Below are entries. Give back exactly the lines from the one containing "Pécsett szentmisével kezdtük" through the one containing "Quem tomou posse", inclusive, without the pictures.

## Records for this exercise
----
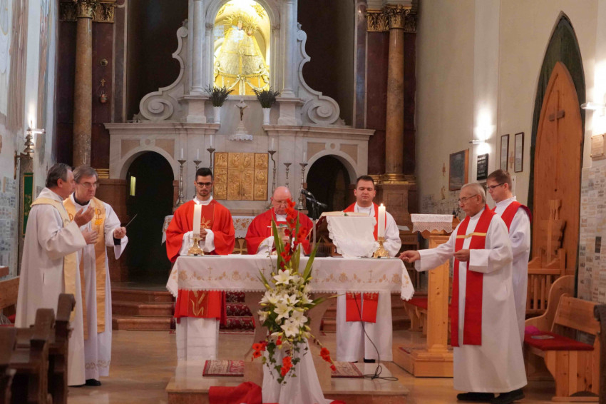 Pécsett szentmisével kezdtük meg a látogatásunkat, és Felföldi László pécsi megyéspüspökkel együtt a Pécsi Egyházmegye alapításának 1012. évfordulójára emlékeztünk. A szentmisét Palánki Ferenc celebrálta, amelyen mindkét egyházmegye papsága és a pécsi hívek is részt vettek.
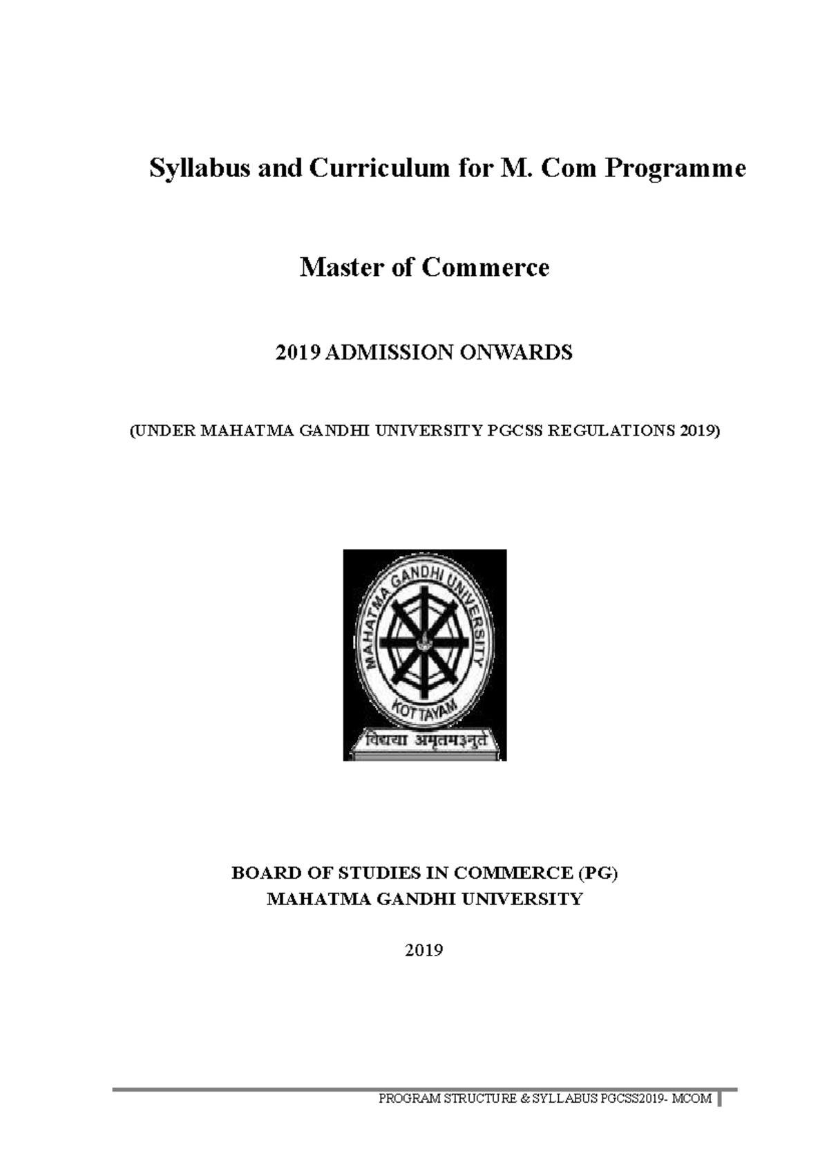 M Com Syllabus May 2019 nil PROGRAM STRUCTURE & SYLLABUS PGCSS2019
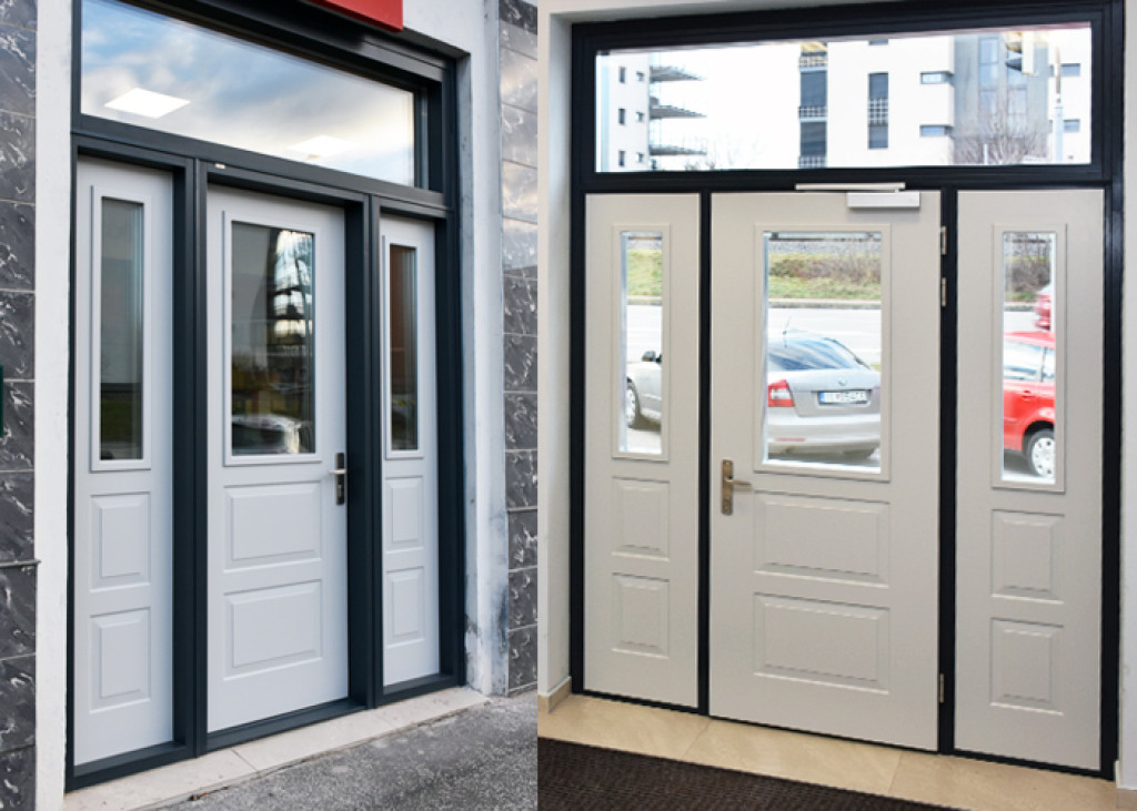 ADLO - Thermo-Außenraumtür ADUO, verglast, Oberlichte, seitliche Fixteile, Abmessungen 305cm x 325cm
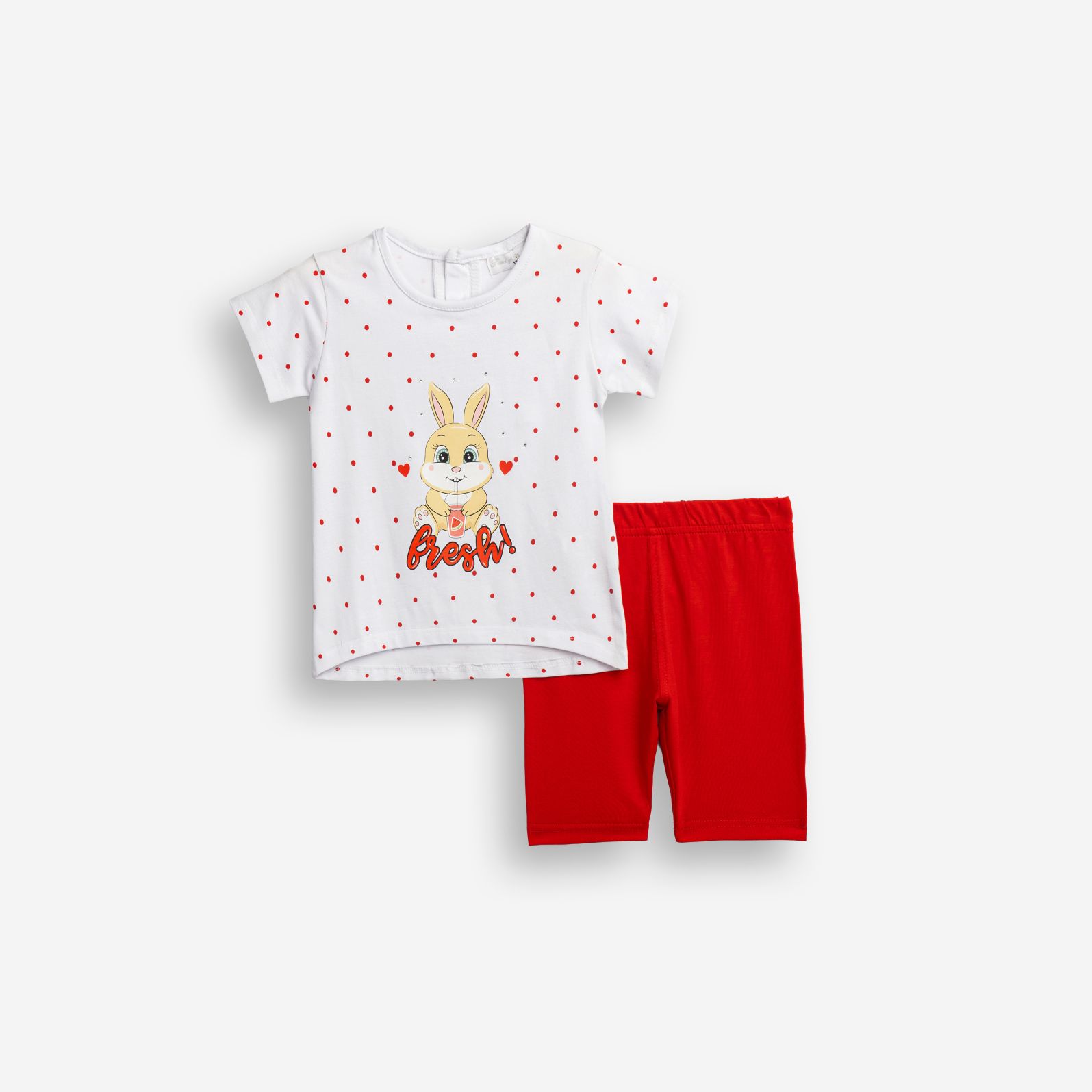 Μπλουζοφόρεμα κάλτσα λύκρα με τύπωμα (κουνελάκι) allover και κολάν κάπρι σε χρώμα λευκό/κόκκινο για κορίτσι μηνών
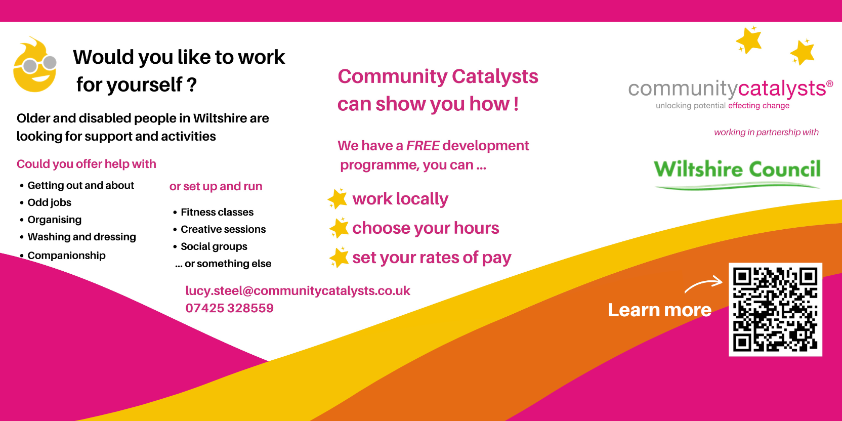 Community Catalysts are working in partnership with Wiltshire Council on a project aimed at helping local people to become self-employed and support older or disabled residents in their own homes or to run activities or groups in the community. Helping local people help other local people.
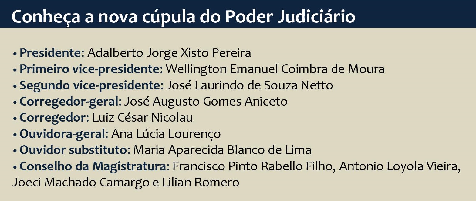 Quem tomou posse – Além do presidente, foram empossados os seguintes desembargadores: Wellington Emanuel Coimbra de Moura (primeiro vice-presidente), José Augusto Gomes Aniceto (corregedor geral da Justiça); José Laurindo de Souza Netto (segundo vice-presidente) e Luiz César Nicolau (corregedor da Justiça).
----
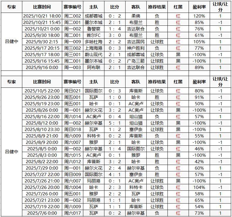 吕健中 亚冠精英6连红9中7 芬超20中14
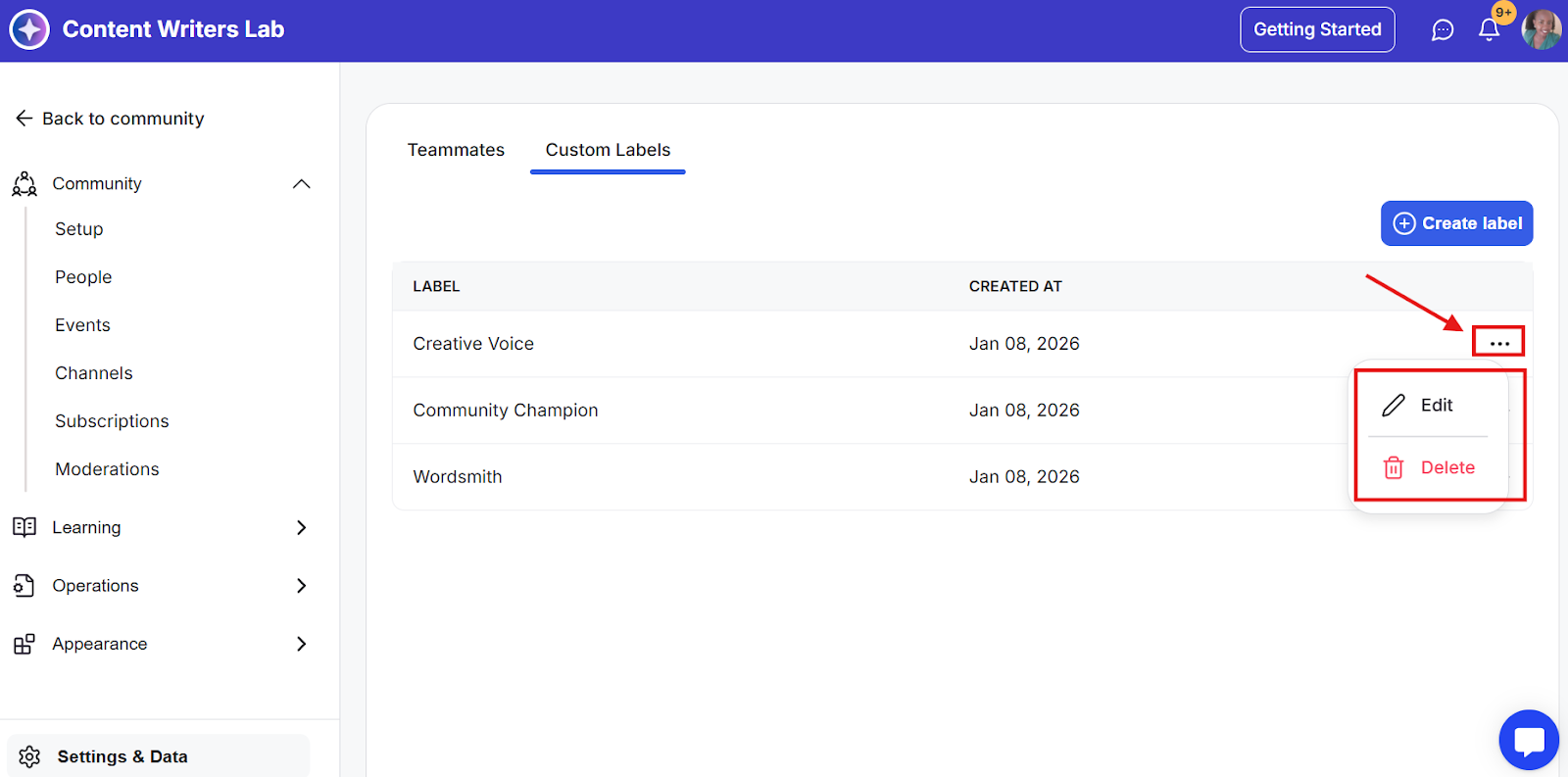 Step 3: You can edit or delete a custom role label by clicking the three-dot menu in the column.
----
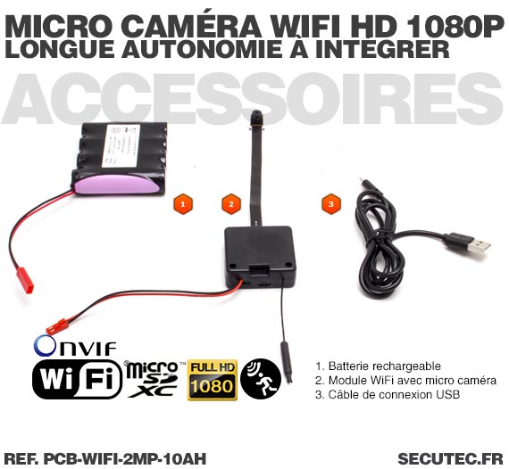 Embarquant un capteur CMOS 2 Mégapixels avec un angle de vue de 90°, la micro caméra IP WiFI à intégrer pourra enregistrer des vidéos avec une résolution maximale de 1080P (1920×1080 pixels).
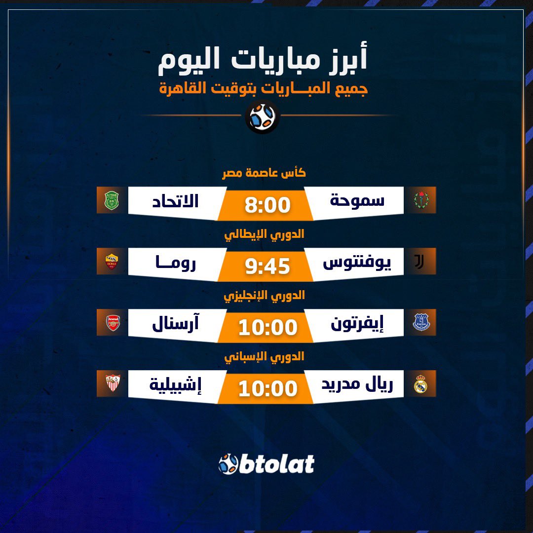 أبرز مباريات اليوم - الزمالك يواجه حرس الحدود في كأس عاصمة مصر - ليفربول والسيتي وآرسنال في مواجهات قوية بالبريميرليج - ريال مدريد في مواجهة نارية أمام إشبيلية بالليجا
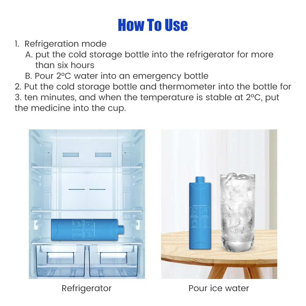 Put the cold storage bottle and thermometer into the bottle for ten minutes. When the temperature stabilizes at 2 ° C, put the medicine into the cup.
----
## Solution for this task
 Pécsett szentmisével kezdtük meg a látogatásunkat, és Felföldi László pécsi megyéspüspökkel együtt a Pécsi Egyházmegye alapításának 1012. évfordulójára emlékeztünk. A szentmisét Palánki Ferenc celebrálta, amelyen mindkét egyházmegye papsága és a pécsi hívek is részt vettek.
 M Com Syllabus May 2019 nil PROGRAM STRUCTURE & SYLLABUS PGCSS2019
 ADLO - Thermo-Außenraumtür ADUO, verglast, Oberlichte, seitliche Fixteile, Abmessungen 305cm x 325cm
 Μπλουζοφόρεμα κάλτσα λύκρα με τύπωμα (κουνελάκι) allover και κολάν κάπρι σε χρώμα λευκό/κόκκινο για κορίτσι μηνών
 Community Catalysts are working in partnership with Wiltshire Council on a project aimed at helping local people to become self-employed and support older or disabled residents in their own homes or to run activities or groups in the community. Helping local people help other local people.
 Quem tomou posse – Além do presidente, foram empossados os seguintes desembargadores: Wellington Emanuel Coimbra de Moura (primeiro vice-presidente), José Augusto Gomes Aniceto (corregedor geral da Justiça); José Laurindo de Souza Netto (segundo vice-presidente) e Luiz César Nicolau (corregedor da Justiça).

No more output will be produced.